Igor Morozov (born 1948) is a Russian-Ukrainian opera singer (baritone) (in Russian: Игорь Анатолевич Морозов)

Igor Morozov was born in Dnipropetrovsk in Ukraine and started singing while still a child with professional orchestras. These concerts were broadcast by radio across the Soviet Union. At the age of 16, he left his hometown to study at the Tchaikovsky Conservatory in Moscow. There, his first teacher was the bass Mark Reizen, and his second the Georgian baritone and People's Artist of the Georgian SSR, David Gamrekeli. Immediately after having finished his studies, young Morozov received a contract as a leading baritone to the Kirov Opera (today's Mariinsky Theatre) and changed two years later to the leading opera house of the Soviet Union: the Bolshoi Theatre in Moscow. Here he sang the great parts of Russian and Italian repertoire such as the title role in Eugene Onegin, Lionel in The Maid of Orleans (with Makvala Kasrashvili in the title role), Yeletzki in The Queen of Spades, Robert in Iolanta all by Tchaikovsky, Rimsky-Korsakov's Misghir in The Snow Maiden (also recorded as CD), Andrey Bolkonsky in Prokofiev's War and Peace, Conte di Luna in Il trovatore, Gérmont in La traviata, Rodrigo in Don Carlo all by Verdi, Sharpless in Puccini's Madama Butterfly and Silvio in Leoncavallos Pagliacci (on DVD with Galina Kalinina and Vladimir Atlantov). Morozov also sang many rare and new operas, e.g. the part of Chichikov in Rodion Shchedrin's 1976 opera Dead Souls. Morozov used to be a frequent partner in concerts of the soprano Elena Obraztsova on TV.
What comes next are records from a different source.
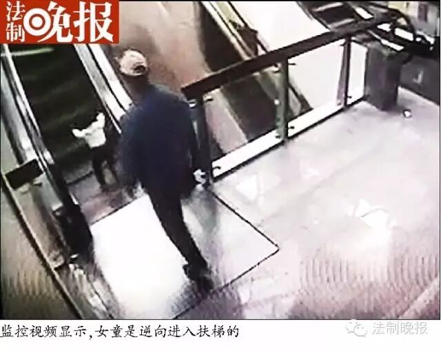 监控视频显示,女童是逆向进入扶梯的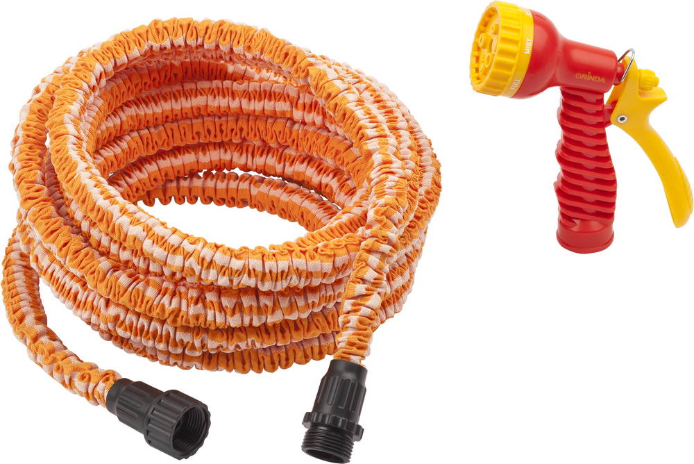 GRINDA PS-22, удлиняющийся шланг 7.5 - 22.5 м, пистолет поливочный, коннекторы, поливочный набор (428496-22)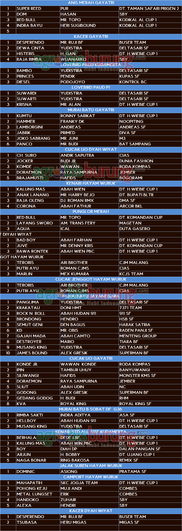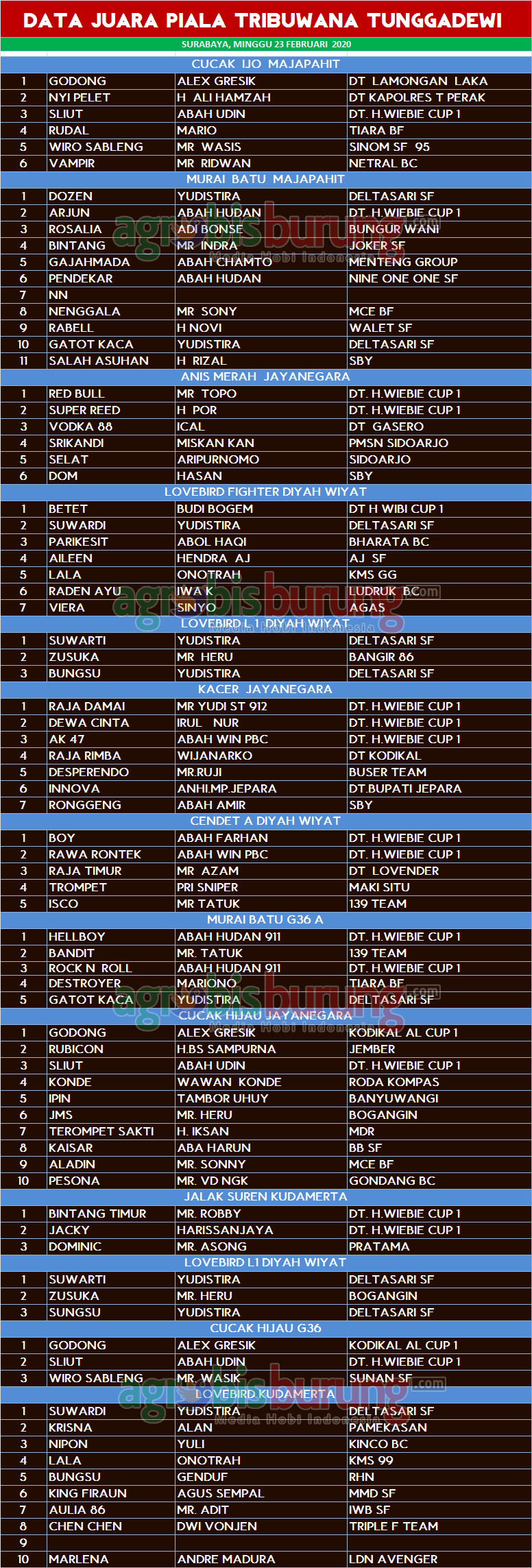 AGROBISBURUNG.COM – SURABAYA. Data Juara Kicauan Piala Tribuwana Tunggadewi di Surabaya, Minggu 23 Februari

In 1991 Igor Morozov was awarded by Boris Yeltsin with the highest title for artists in Russia, the title "Narodni Artist Rossii" (People's Artist of the USSR).

Since his very successful debut as Onegin at the Wiener Staatsoper, Igor Morozov has also been singing in many famous opera houses and festivals in Western Europe and the United States: Teatro alla Scala in Milan, Deutsche Oper Berlin and Staatsoper Unter den Linden Berlin, Staatsoper Hamburg, Cologne, Bayerische Staatsoper Munich, Amsterdam, Copenhagen, Opernhaus Zürich, Teatro Massimo Palermo, Bregenzer Festspiele, Salzburger Festspiele, Boston Music Festival, Houston Grand Opera with conductors such as Lorin Maazel, Anton Guadagno, Carlo Franci, Pinchas Steinberg and partners like Edita Gruberova, Vesselina Kasarova, Francisco Araiza, Giuseppe Giacomini, Nicolai Ghiaurov, Matti Salminen the leading roles in operas like Mazeppa (Tchaikovsky), Rigoletto, Nabucco, Simon Boccanegra all by Verdi, Kovaliov in Shostakovich's The Nose. He has become a well known singer for different works of Shostakovich (Thirteenth Symphony, Babi Yar, Michelangelo Suite, Lady Macbeth of the Mtsensk District).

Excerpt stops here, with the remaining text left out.